(Stored dataset items)
* * * *

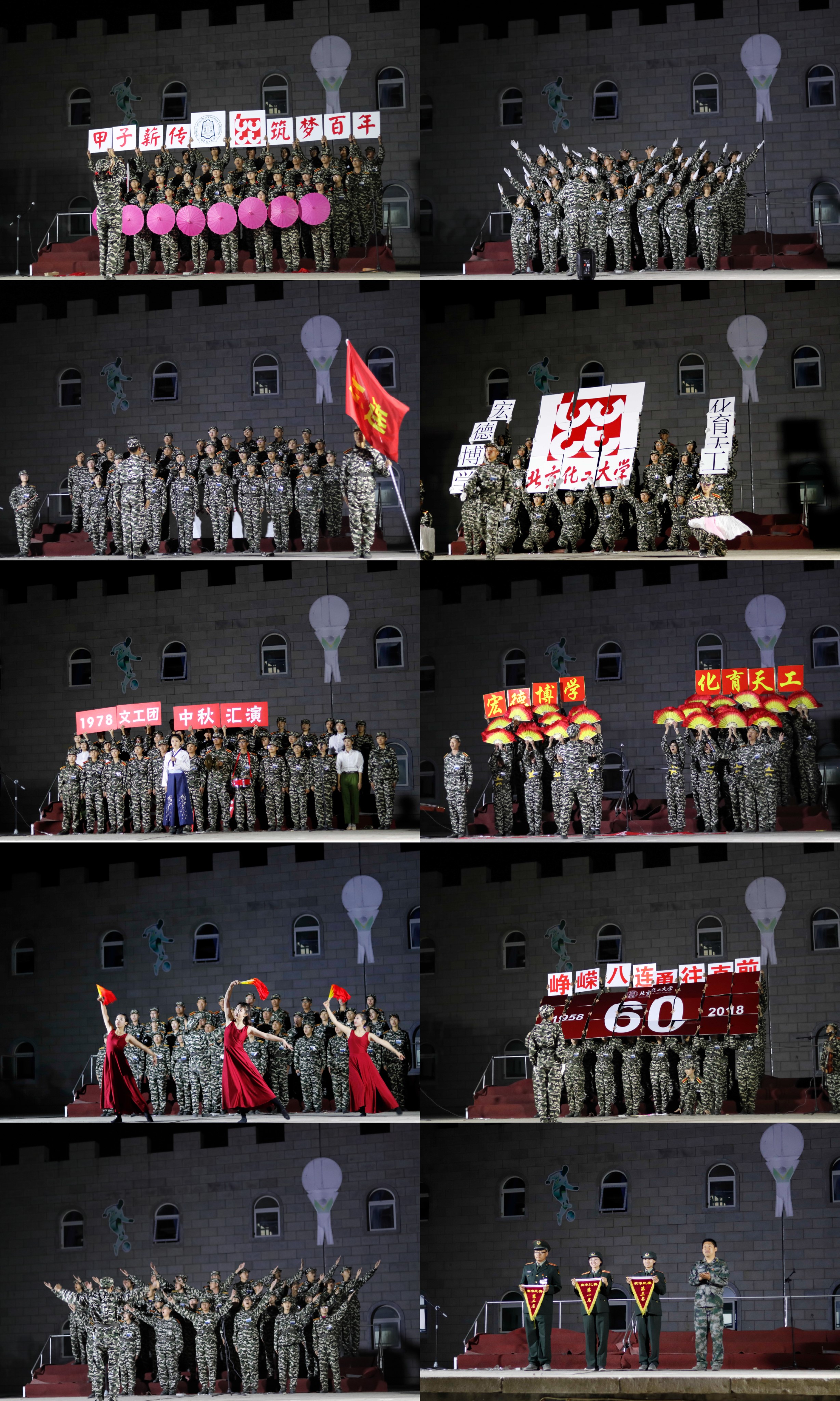 合唱比赛于9月24日晚举行,参赛曲目分为必选曲目和自选曲目两首。其中必选曲目为校歌《母校之光》,反映了团结奉献,艰苦奋斗,务实力行,博学创新的北化精神;自选曲目由各连自行选定。各连队充分发挥才智创新思路,以乐器、舞蹈、曲艺、武术、拼字、横幅、队形变换等多种形式进行表演,歌声热情高亢,表达了对建校60周年的祝福,讴歌了党的丰功伟绩、国家的繁荣富强。
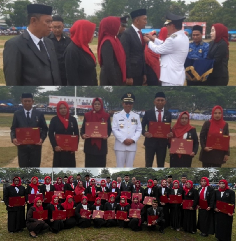 Kegiatan perayaan HUT RI ke- 80 tadi pagi, dilakukan penyerahan piagam penghargaan gelar, tanda jasa dan tanda kehormatan dari Presiden RI kepada sejumlah aparatur sipil negara (ASN), dalam penganugerahan atas tanda kehormatan Satyalancana Karya Satya.
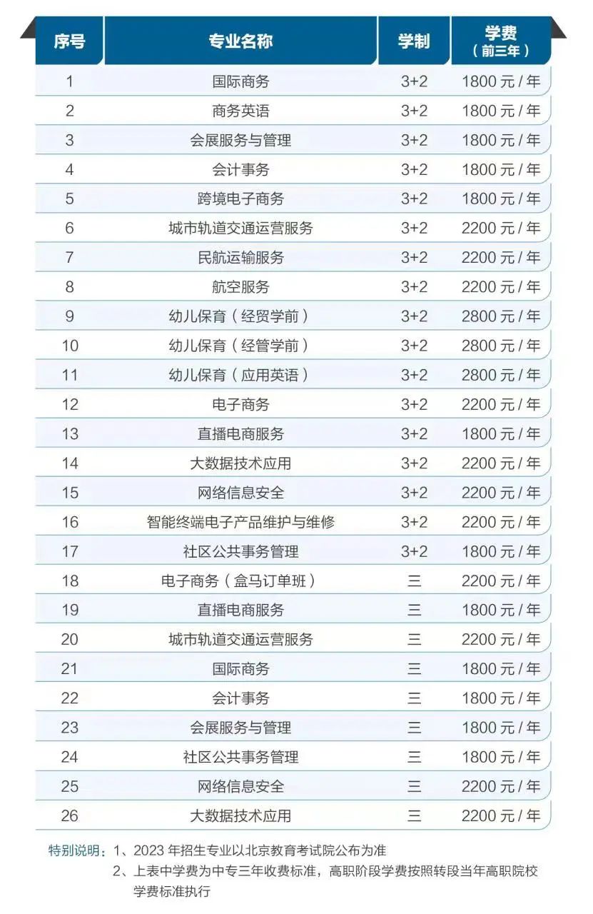 学校专业设置围绕国家“十四五”发展规划和北京市“四个中心”建设,开设现代国际商务服务、国际城市交通服务、学前教育、全域数字化运营专业群,涵盖近20个专业及方向,多个火“热”专业供你选择,未来发展潜力无限!
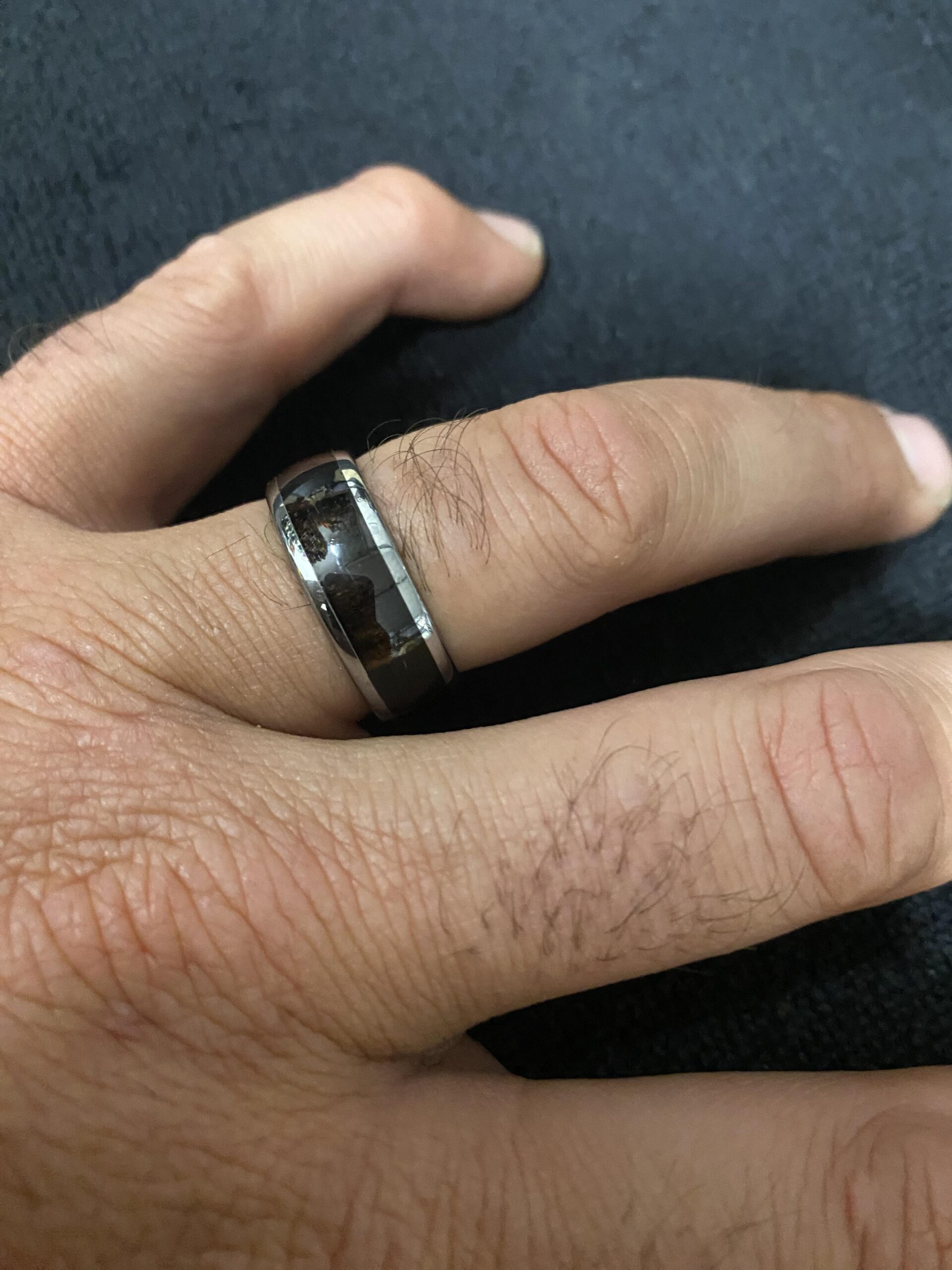 My wife bought this to replace my lost wedding ring. I am a classical guitarist and have an ebony fingerboard on my guitar. This ring is comfortable, light and looks great - and it’s always on display when I play.
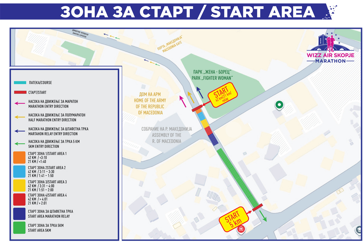 Приказ на патеките на Виз Ер Скопски маратон 2025 Патека на трчање за маратон, полумаратон и штафетен маратон симни ја мапата Патека на трчање за трката на 5км Зона на старт Измена на штафета 1 и 3 (на 1 чека тој што му завршува стартниот број со 2, на 3 чека тој што му завршува стартниот број со 4) Измена на штафета 2 (на 2 чека тој што му завршува стартниот број со 3)
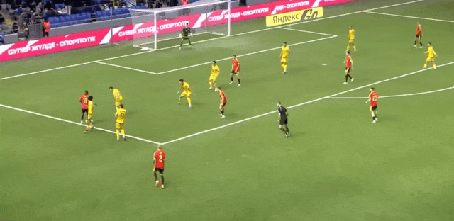 61'Арип нанес удар в свои ворота, а Анабеков сделал отличный сейв и заблокировал мяч

* * * *

**Directions for this task:** When you copy the records above, keep every word exact and drop the pictures.

**Expected answer:**
 合唱比赛于9月24日晚举行,参赛曲目分为必选曲目和自选曲目两首。其中必选曲目为校歌《母校之光》,反映了团结奉献,艰苦奋斗,务实力行,博学创新的北化精神;自选曲目由各连自行选定。各连队充分发挥才智创新思路,以乐器、舞蹈、曲艺、武术、拼字、横幅、队形变换等多种形式进行表演,歌声热情高亢,表达了对建校60周年的祝福,讴歌了党的丰功伟绩、国家的繁荣富强。
 Kegiatan perayaan HUT RI ke- 80 tadi pagi, dilakukan penyerahan piagam penghargaan gelar, tanda jasa dan tanda kehormatan dari Presiden RI kepada sejumlah aparatur sipil negara (ASN), dalam penganugerahan atas tanda kehormatan Satyalancana Karya Satya.
 学校专业设置围绕国家“十四五”发展规划和北京市“四个中心”建设,开设现代国际商务服务、国际城市交通服务、学前教育、全域数字化运营专业群,涵盖近20个专业及方向,多个火“热”专业供你选择,未来发展潜力无限!
 My wife bought this to replace my lost wedding ring. I am a classical guitarist and have an ebony fingerboard on my guitar. This ring is comfortable, light and looks great - and it’s always on display when I play.
 Приказ на патеките на Виз Ер Скопски маратон 2025 Патека на трчање за маратон, полумаратон и штафетен маратон симни ја мапата Патека на трчање за трката на 5км Зона на старт Измена на штафета 1 и 3 (на 1 чека тој што му завршува стартниот број со 2, на 3 чека тој што му завршува стартниот број со 4) Измена на штафета 2 (на 2 чека тој што му завршува стартниот број со 3)
 61'Арип нанес удар в свои ворота, а Анабеков сделал отличный сейв и заблокировал мяч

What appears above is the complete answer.